We all have different reasons for keeping whatever livestock we have.  We do now and will always have some sort of shelter available.  Many we know have only an emergency shelter but they lose a number of lambs when the weather is nasty.

Nice to see you posting and more are always welcome.


----------



## RuralFarmGirl (Mar 19, 2017)

Hey guys. Wanted to update you that my first lamb has arrived. It was probably 35* or so the Friday when he was born. Momma cleaned him off and they were both up and moving around when we found him. Everything went great and he is doing splendid!!


----------



## Mike CHS (Mar 19, 2017)

One of the most pleasant sights is watching that little tail start wagging when they are getting milk.


----------



## Baymule (Mar 19, 2017)

Congrats on the new baby, he's adorable!


----------



## KatahdinMomma (Mar 21, 2017)

RuralFarmGirl said:


> Hey guys. Wanted to update you that my first lamb has arrived. It was probably 35* or so the Friday when he was born. Momma cleaned him off and they were both up and moving around when we found him. Everything went great and he is doing splendid!!


Awwww, precious.
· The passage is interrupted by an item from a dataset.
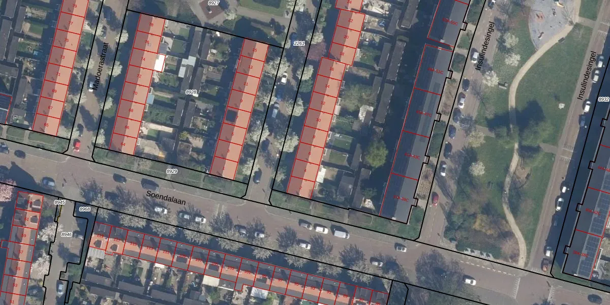 Het adres ligt op het perceel VDG00-D-8931, dat zich in de kadastrale gemeente Vlaardingen bevindt. De oppervlakte van het perceel is 5690 m². Dat is groter dan gemiddeld in Vlaardingen, waar de gemiddelde perceeloppervlakte op 1372,52 m² ligt. Het kleinste perceel in de kadastrale gemeente is 0 m² groot. De grootste perceeloppervlakte is 1,02 km². Er zijn 78 adressen aanwezig op het perceel. De huidige grenzen van het perceel zijn digitaal in de Basisregistratie Kadaster (BRK) geregistreerd op 04-06-2021.

Congrats!


----------



## Latestarter (Mar 21, 2017)

Congrats! what a cutie!


----------



## Sheepshape (Mar 22, 2017)

Lovely little face!

The weather here is dire....very low temperatures and sleet/snow with driving winds. It's a real struggle to try to keep the lambs and mums safe.


----------



## RuralFarmGirl (Mar 23, 2017)

Sheepshape said:


> Lovely little face!
> 
> The weather here is dire....very low temperatures and sleet/snow with driving winds. It's a real struggle to try to keep the lambs and mums safe.



I'm definitely feeling less stressed about caring for my sheep. I felt like my shelter was less than optimal but she's been doing soo good with the lamb, and he's been thriving. Getting out of the wet is definitely a need though(in my understanding anyhow.) they seem to deal pretty well with everything else!


----------



## Latestarter (Mar 23, 2017)

It's funny... it seems like goats think they'll melt if they get wet, while sheep just don't seem to care... unless it's a torrential downpour... Sheep will just lay down out in the snow and end up with a snow blanket covering them in a storm, while goats many times won't even set hoof in snow... Always the exception to the norm though


----------



## Mike CHS (Mar 23, 2017)

Everything I read said sheep don't like to be in a shelter and what we have found is that in decent weather they prefer being outdoors.  Our sheep will go into their shelters even with a light mist even when it's warm out.  They may not have gotten that way since they did not know what a shelter was till we put them inside when it was freezing out and they didn't have their winter coats yet.  They then begged to be let in with the ewes with new lambs all warm and cozy.


----------



## RuralFarmGirl (Mar 23, 2017)

Latestarter said:


> It's funny... it seems like goats think they'll melt if they get wet, while sheep just don't seem to care... unless it's a torrential downpour... Sheep will just lay down out in the snow and end up with a snow blanket covering them in a storm, while goats many times won't even set hoof in snow... Always the exception to the norm though


Agreed. They don't seem to mind walking or laying out in the snow. And even a non stop drizzle didn't faze them-just down pouring rain ussually keeps them inside for the most part.


----------